Monday, November 8, 2010

Resources for the OSR Curious

Here we go with post number seven for the DBloC Challenge.

The Old School Renaissance is quite a curious thing. It's a bunch of older guys, often sporting beards, arguing about the various merits of a 35-year old game. They have their battles, but there is some level of respect, at least between the major factions. They have strong (and often varying opinions) about what is part of the OSR and what isn't. With about 18-months of loosely following these guys, I have to admit I've kind of developed a bit of a crush on the whole scene.

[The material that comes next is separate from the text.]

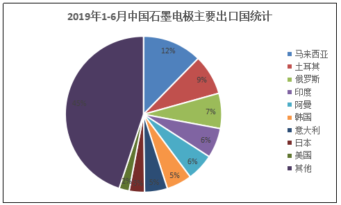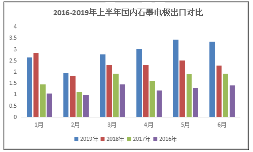 從量上來看,2019年1-6月國內石墨電極月均出口量高于過去三年,尤其是今年,出口量增量非常明顯,可見近兩年中國石墨電極在海外市場出貨量呈現上升趨勢。

Now, I've got the beard and I'm just about old enough, but my gaming experience is a bit lacking. I think I got the Red Box (the one with the Larry Elmore red dragon on front aka the Mentzer edition) around age 11 or 12. I was a fan of the Saturday morning cartoon. I had played the Dungeon board game at a neighbors house. I devoured "Choose Your Own Adventure" books. I knew about D&D, but I didn't have that older friend or brother or cousin to introduce me to the game. I bought that first red box set at the Walden Books in the Clearview Mall. My first dice set was inked (I didn't have to use the crayon). I tried to convince friends to play, but we never got fully into campaign mode. We didn't quite get those concepts. I bought the rest of the boxed sets, but we never really progressed past the first few levels.I played a little AD&D at the time, too. As I got a little older, we started playing some of the Palladium games like Palladium Fantasy, Teenage Mutant Ninja Turtles (based on the comic, not the TV show), and Rifts. We never really got any long term campaigns off the ground though, which was unfortunate. Eventually that stuff got put aside. I still loosely followed the industry, occasionally bought a product, and was interested in playing, but we could never get the game together. I had to opportunity to get back into the hobby via a 3.5 D&D campaign and fell in love with the game again. I always wanted to play, but this was the spark that really kicked it off for me. Now that I'm back into the hobby, I've really taken to the philosophy of the OSR games. I haven't had much experience actually playing most of these games, but I've been reading a lot about them and plan on playing more in the near future.

One thing that newbies to the OSR have a bit of a hard time understanding is that this is not a centralized effort. It represents the work of a lot of people, often working independently. The participants are creating adventures, rules emulators, random tables, house rules, monsters, magic items and more. They are publishing this information on blogs, through print on demand operations and PDF vendors. Some manage to actually create a print version of the product.

My intention here is to give links to some of the online resources I find interesting or read regularly. I covered a few of these in other recent posts, so I'm just going to repost that here. I think it might be worthwhile to get all this stuff together in one place.

Starter Document:
A Quick Primer for Old School Gaming
In this free PDF, author Matthew Finch covers some of the basic philosophies behind the old school gaming and the OSR. It was written with the modern gamer in mind, as a way to introduce them to what it means to play with an old school style. He includes a lot of examples of play, comparing how specific scenarios play out in modern games and old school games. An interesting read for sure.

The Blogs:
The Underdark Gazette
I recently discovered the Underdark Gazette. James posts a regular Old School Renaissance newsletter, with links to reviews, new products and other blogs. Great for folks just getting down with the OSR. He also posts reviews he's written and gaming content he has created. I'd recommend The Underdark Gaztte if you are only going to subscribe to one OSR Blog, because he gives you a great overview of what is going on from week to week.

Probably the top, system-non-specific OSR blog. James posts retrospectives on class D&D modules, discusses game design decisions for classic systems and OSR games, and posts reviews. He usually has at least one or two (or more) posts a day. Great writing and great content.

The blog of James Edward Raggi IV. An American transplant in Finland and a die-hard member of the OSR, James (why are three of my favorite OSR blogs written by guys named James??!) doesn't pull any punches. He can be downright brutal when talking about things that anger him, and that seems to be a lot. Lots of great information here, but probably too many rants for some folks.

Playing D&D with Porn Stars
18+ only, please. Not really...At least most of the time. This is Zak Sabbath's blog. At this point he's probably more famous in these parts as the DM for I Hit It With My Axe, a weekly web series documenting his D&D game with various members of the alt-porn universe. The group plays a hybrid of 1st Edition D&D and 3rd Edition D&D, with a lot of Zak's house rules inserted. The blog discusses the show, some of Zak's RPG creations (he loves random tables), and other games the group is involved with. Always an interesting read, even if you eliminated the porn aspect.

Jeff's Game Blog
Jeff Rients writes a gonzo D&D blog with a lot of OSR related content. It used to have a lot of Shatner content, too. Now it has a stronger Mr. T focus. Yeah. Mr. T. Jeff provides all kinds of content to add to your game. Fun stuff.

That should be plenty to get started with for now. I'll get into some of the game systems, publishers, message boards, podcasts, youtube channels, and possibly a few more blogs in a future post.